And the 3.7 test is failing on run model tests:

ImportError: dlopen(/usr/local/miniconda/envs/env/lib/python3.7/site-packages/osgeo/_gdal.cpython-37m-darwin.so, 2): Symbol not found: _crc32
  Referenced from: /usr/local/miniconda/envs/env/lib/libgdal.20.dylib
  Expected in: /usr/local/miniconda/envs/env/lib/libcfitsio.8.dylib
 in /usr/local/miniconda/envs/env/lib/libgdal.20.dylib

Is there a way to poke pygeoprocessing and see if that is still building and passing tests?

Also just seeing what that script is doing that is compiling all the requirement files. It makes me a little uneasy that we'd be re-defining channels to something different then how setup-miniconda is handling it's channels...

dcdenu4 commented 4 years ago

I'm also wondering if that conda env update call is doing what we think it's doing:

https://stackoverflow.com/questions/42352841/how-to-update-an-existing-conda-environment-with-a-yml-file

We might be creating or updating the base env, since we are not specifying the env: env that we activated with setup-miniconda. Maybe we should name that setup-miniconda env something different like: macosvenv, so we don't get confused, haha

phargogh commented 4 years ago

@davemfish I'm waiting for tests/builds to check out before submitting a PR for this, but here's a patch that includes the compiler flags that we added to https://github.com/natcap/pygeoprocessing/issues/9:

catalina.patch.txt

davemfish commented 4 years ago

@dcdenu4 it looks like the same issues going on for pygeoprocessing. This is a build from the latest on the release/2.0 branch, which is the branch that uses the same setup-miniconda as here in invest.

https://github.com/davemfish/pygeoprocessing/runs/626835097?check_suite_focus=true

In pygeoprocessing, MacOS tests crash with same "symbol not found" as we see here. And the Windows setup also uses conda, and also crashes. Ubuntu passes.

davemfish commented 4 years ago

Prior to the above-mentioned pygeoprocessing build, I triggered a build from the latest master, which still uses s-weigand/setup-conda@v1.0.0 and things pass there.

https://github.com/davemfish/pygeoprocessing/actions/runs/90341515/workflow

davemfish commented 4 years ago

Besides the different pre-built actions used in those two pygeoprocessing examples, release installs gdal version 3 and master installs 2.3.3. Here in invest we install 2.4.4

davemfish commented 4 years ago

Others are now suggesting this a conda-forge issue. https://github.com/conda-forge/gdal-feedstock/issues/382

dcdenu4 commented 4 years ago

@davemfish neat! We're part of a larger community based bug! Is it best to sit on this for now?

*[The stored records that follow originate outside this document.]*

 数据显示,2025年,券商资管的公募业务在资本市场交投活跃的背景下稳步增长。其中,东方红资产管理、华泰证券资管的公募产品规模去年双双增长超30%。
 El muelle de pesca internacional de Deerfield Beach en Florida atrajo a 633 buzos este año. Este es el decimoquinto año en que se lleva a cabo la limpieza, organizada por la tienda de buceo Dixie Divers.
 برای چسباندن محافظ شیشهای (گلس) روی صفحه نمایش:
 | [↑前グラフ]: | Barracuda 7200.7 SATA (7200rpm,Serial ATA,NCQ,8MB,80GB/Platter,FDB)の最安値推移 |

davemfish commented 4 years ago

@dcdenu4 I'm thinking it's probably best to sit on it, but that's just my opinion. We still have passing Windows tests & builds. @phargogh suggested pinning gdal to a version with a working conda-forge build, but that also then needs to be a version for which we have a Windows wheel available on natcap's package index.

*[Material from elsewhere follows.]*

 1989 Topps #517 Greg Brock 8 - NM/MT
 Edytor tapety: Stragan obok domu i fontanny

phargogh commented 4 years ago

I'd suggest we sit on it for now.

In the longer-term, I do think we should consider what changes we can make to allow us to be resilient to these sorts of upstream build failures. In truth, it seems like these issues happen occasionally on any package management infrastructure (except maybe on debian:stable). @davemfish remember when there was a malfunctioning rtree build on PyPI? Or there was an issue with a gohlke shapely build that one time? How might we address issues like those?

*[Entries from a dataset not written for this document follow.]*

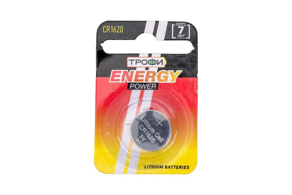 Элемент питания (батарейка) ТРОФИ CR1620-1BL, таблетка, литиевый, 3В, 1шт. в блистере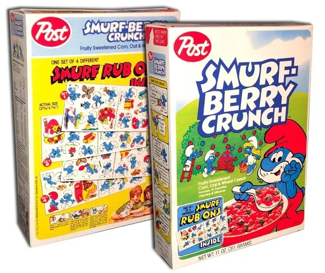 Smurf-Berry Crunch was a cereal launched by Post Consumer Brands in the 1980s, riding the wave of popularity from The Smurfs animated series. The cereal featured a blend of sweetened corn, oat, and wheat flakes, along with colorful berry-flavored pieces shaped like the beloved blue characters. Its vibrant colors and fruity taste made it a hit among children, turning breakfast into a fun and flavorful experience. Although Smurf-Berry Crunch was eventually discontinued, it remains a fond memory for many who grew up in the ’80s.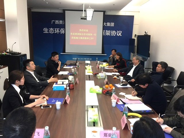 2017年3月2日,农业部国际合作司副司长张陆彪一行在广东省农业厅副巡视员陈正辉等同志的陪同下来访海大集团,调研农业“走出去”等相关情况。集团董事长薛华等热情接待了客人,并出席座谈会。

davemfish commented 4 years ago

Definitely agree it's worth spending some time designing a more stable system for ourselves, and/or riding out these problems when they pop up instead of immediately dumping hours into resloving them.

I do remember those past issues. And the one we currently face is due to a bad build of cfitsio, which I'd never heard of before and I'm fairly certain we don't actually need a gdal build `--with fitsio, but we're depending on one anyway.

phargogh commented 4 years ago

@davemfish @dcdenu4 looks like the underlying build issue with cfitsio has been resolved in https://github.com/conda-forge/cfitsio-feedstock/pull/26. I've retriggered some of my own builds on my fork and tests are executing as expected!

davemfish commented 4 years ago

Yes, can confirm that!